切迫早産の場合、赤ちゃんはお腹に止まっている状態なので、できるだけ妊娠を継続できるよう、自宅療養の場合でも、安静が第一です。状態によっては長期安静の指示があることもあります。気持ちをリラックスさせて、食事や睡眠が十分取れるよう、環境を整えましょう
自宅療養における日常生活の注意点として、なるべく子宮収縮が起こらないようにすることが大切です。自分一人の体ではないことを自覚し、大切にいたわりましょう。

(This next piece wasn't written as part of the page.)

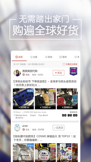 超20000海外代购金牌买手,每天直播全球各卖场/商场/outlets最震撼的折扣免税店促销限时特卖代购血拼实况。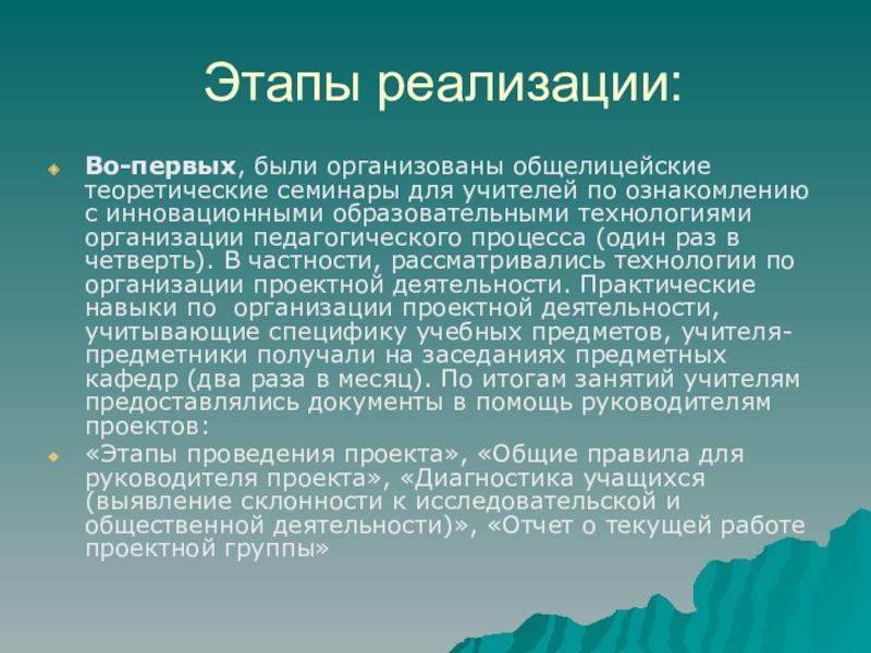 с инновационными образовательными технологиями организации педагогического процесса (один раз в четверть). В частности, рассматривались технологии по организации проектной деятельности. Практические навыки по организации проектной деятельности, учитывающие специфику учебных предметов, учителя-предметники получали на заседаниях предметных кафедр (два раза в месяц). По итогам занятий учителям предоставлялись документы в помощь руководителям проектов:

程度にもよりますが、なるべく横になる時間を長くするよう指示がある場合があります。「これくらいは大丈夫かな」と無理をするのではなく、医師の指示を守り、安静を保ちましょう。入浴はシャワー浴ではなく清拭(ベッドの上で濡れタオルで体を拭くなど)の指示がでることもあります。
安静にしていると、運動不足から便秘になりやすくなることがあります。便秘になると子宮が圧迫されたり、トイレでいきんだりすることによって子宮収縮を起こしかねません。便秘については妊娠中でも使えるお薬があります。主治医の先生に相談しながら排便のコントロールと治療を行いましょう。
仕事への配慮について、職場に配慮してほしいと伝えにくい時は、「母性健康管理指導事項連絡カード」の使用をお勧めします。働く妊婦や産後の女性の健康状態を守るために、医師から指示事項(通勤緩和や休憩について)を職場に正しく伝えるために利用できる書類です。特に切迫早産の場合、仕事内容や休憩について、綿密な配慮が必要な場合や、仕事自体が難しい場合もありますので、こちらのカードを使用し、仕事内容の調整を行うことをおすすめします。
切迫早産のまとめ

今回の記事では、切迫早産について、早産との違いや原因と症状、治療方法や日常生活における具体的な注意点についてご紹介しました。
切迫早産とは、妊娠22週以降37週未満の時期に、早産に至る可能性が高い状態のことで、なるべく早産を避けるようにする必要があります。
感染症をはじめとした様々な原因があり、症状として、いつもと違う、規則的なお腹の張りや痛み、出血、悪臭のあるおりものや水っぽいおりもの(前期破水)が継続的に出ます。
子宮収縮を起こさないよう、安静や投薬でできるだけ妊娠期間を延長させ、出産となります。自宅安静の場合は、なるべくリラックスできる環境を整えることが大切です。
切迫早産は、場合によっては長期安静の指示があることもあります。リスクがあることを自覚し、リラックスできる環境を整え、ご自身の体をいたわりながら妊娠期間を過ごしていただければ幸いです。